Kelana Jaya MP Wong Chen said Najib should do so if he was sincere about helping road users.
“If not, then his criticism of former prime minister Dr Mahathir Mohamad on toll highways is just a cheap political shot,” he told FMT.
Wong, who is PKR commerce and investment bureau chief, was commenting on Najib’s accusation that the opposition was being hypocritical by attacking his administration’s efforts to reduce or eliminate existing tolls on public roads.
He said the opposition showed hypocrisy by criticising and belittling his initiative while supporting and adulating a former leader whom he described as the “father of all tolls”, an obvious reference to Mahathir who now leads Pakatan Harapan and his own party PPBM.
Najib said this person was behind the lopsided deals that benefited some cronies, but brought losses and affliction to the people.
“The government has had to bear the burden of toll subsidies that only benefit certain areas and community groups.
“Such allocations could have been used in a better way for people’s welfare across the country,” he said in his blog yesterday.
Toll collections were abolished at four locations from Jan 1, following a decision announced by Najib when he presented the 2018 budget in the Dewan Rakyat last October.
Meanwhile, PPBM supreme council member Tariq Ismail said the highway toll strategy implemented in the past was aimed at obtaining funds with the lowest cost and to be paid based on future economic value of the infrastructure being built.
“Mahathir’s action with regards to this matter is accepted practice even by today’s standards.
“In fact, new approaches to public infrastructure development such as the public-private partnership model are constantly being reviewed and laws regarding it revised, even in advanced countries in Europe and the UK.
“Why?
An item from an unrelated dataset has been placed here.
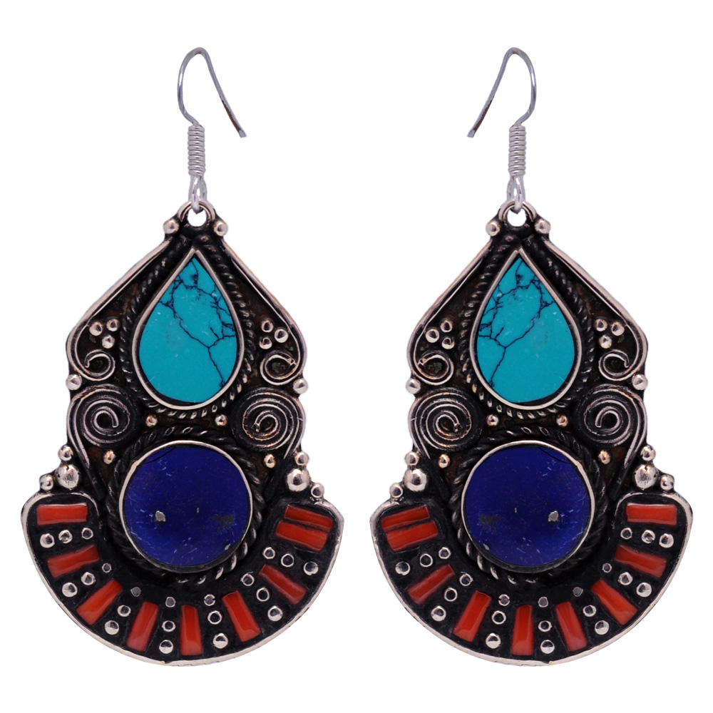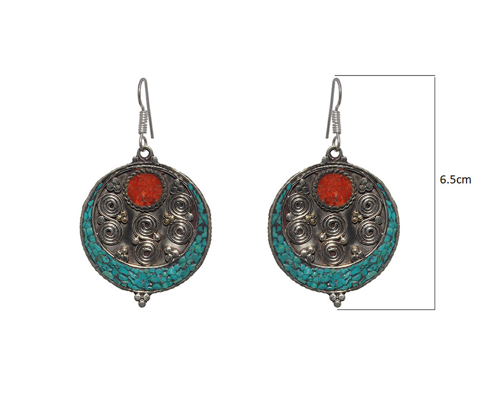 Gehna Jaipur Turquoise & Coral Gemstone Round Shaped Tibetan Earring For Girls & Women IE-1007
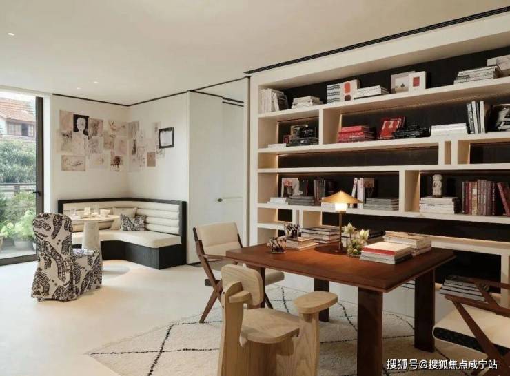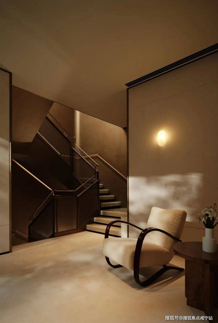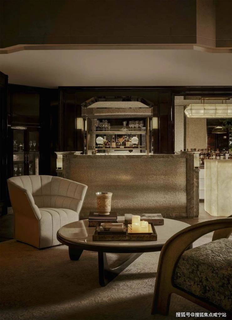 餐厅与水景庭院隔窗相望,羊皮纸拼就而成的屏风成为视觉焦点,内凹式金色圆顶,既赋予空间安定感,又营造出轻盈视效。在这样一座联结历史与当代的精神居所中,追溯东方视角,将上海百年风华凝练于启程转合之间,也昭示着生活的无限可能。

Because there is no viable solution to the economics of public infrastructure development and maintenance in the long term,” he said.
Tariq said it did not stop there, and noted that concession agreements on public infrastructure, although long term in nature, were open to reviews and revisions.
“It becomes the duty of the government to realign it, particularly if a previous government is seen to have erred in the negotiations of such an agreement.
“In fact, being a long term venture, the financial assumptions made during the initial stages of the infrastructure development should be periodically tested, and often, so as to gauge whether the financial viability of the project holds in the long run and to avoid expensive compensations,” he said.
To his knowledge, Tariq said, the last revision on the toll concessions was made by Najib soon after he assumed leadership.
The decision to extend the agreements was made during that review and any terms and conditions causing financial loss should have been addressed then.
“Unless Mahathir sat in on those revisions, any and all repercussions since only speak of a weak economic and financial governance.
“And really, this is why the rakyat are sceptical of the government’s intent in this instance. It had the opportunity well before elections to rectify the problem, but failed to do so.
“Instead, it chooses to demonise certain quarters and deflect responsibility,” he added.